Christina Rees and Brandon Zech present Glasstire’s top Texas picks for the coming season.
1. Common Currents
Various Venues across San Antonio
January 18 – May 7
Common Currents features works by 300 artists across six San Antonio venues: Artpace San Antonio, Blue Star Contemporary Arts, the Carver Community Cultural Center, the Guadalupe Cultural Arts Center, the Mexican Cultural Institute, and the Southwest School of Art. The exhibition is organized around the theme of the city’s Tricentennial (1718-2018).
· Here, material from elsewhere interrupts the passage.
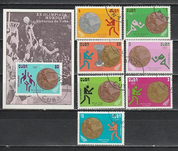 Медалисты Олимпиады в Мюнхене, Куба 1973 год, 7 гашёных марок + блок.

Each of the 300 artists is assigned a year in San Antonio’s history “on which to reflect the development of their artwork.” For a full list of participating artists, go here.
2. Rodney McMillian
The Contemporary Austin
February 1 – August 26
An exhibition featuring works by Rodney McMillian, the winner of The Contemporary Austin’s inaugural Suzanne Deal Booth Art Prize. McMillian’s works deal with themes of social and political history, the body, abstraction, and architecture. Along with McMillian’s other pieces, the show will feature a new video work by the artist, commissioned by The Contemporary Austin.
3. Laura Owens
Dallas Museum of Art
March 25 – July 29
An exhibition featuring over sixty works spanning Laura Owens’ 20-year career. Owens’ pieces “challenge traditional assumptions about figuration and abstraction, as well as the relationships among avant-garde art, craft, pop culture, and technology.”
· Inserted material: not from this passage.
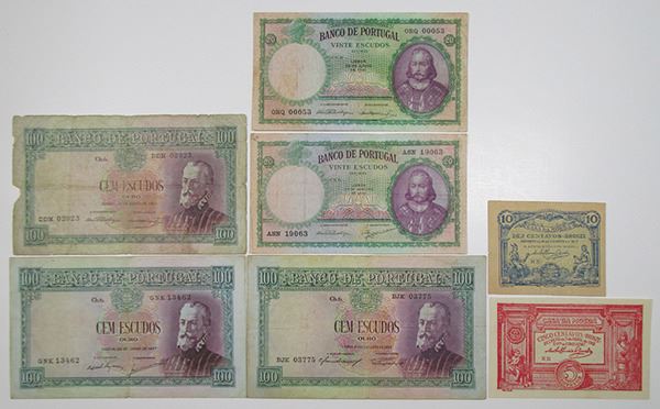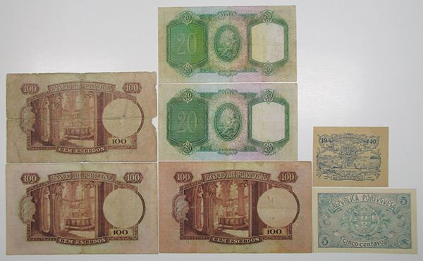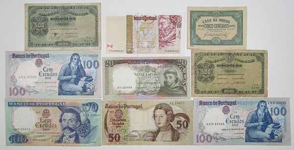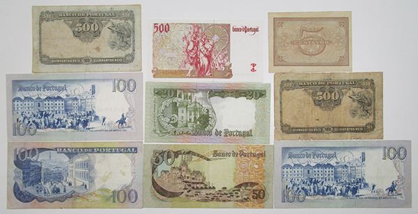 PortugalÉ. Lot includes a trio of earlier issue 5 Centavos and 500 Reis, together with half a dozen 20, 50, 100, 500 Escudos notes from 1960s-1990s issues. P-98; 105 (2); 167; 169; 174; 178 (2); 187. Fine to VF. (9)

4. Between Love and Madness: Mexican Comic Art from the 1970s
Lawndale Art Center (Houston)
January 18 – March 25
Between Love and Madness: Mexican Comic Art from the 1970s features original interior art, cover art, and ephemera related to the micro-cuentos (mini-tales) that were popular in 1960s and ’70s Mexico. This show is organized by Christopher Sperandio in collaboration with students from Practical Curation at Rice University.
5. FOCUS: Nina Chanel Abney
Modern Art Museum of Fort Worth
January 27 – March 18
An exhibition featuring paintings by artist Nina Chanel Abney. The pieces in the show touch on pop culture, world events, sexuality, race, police brutality and art history using bright, Matisse cut-out-like forms.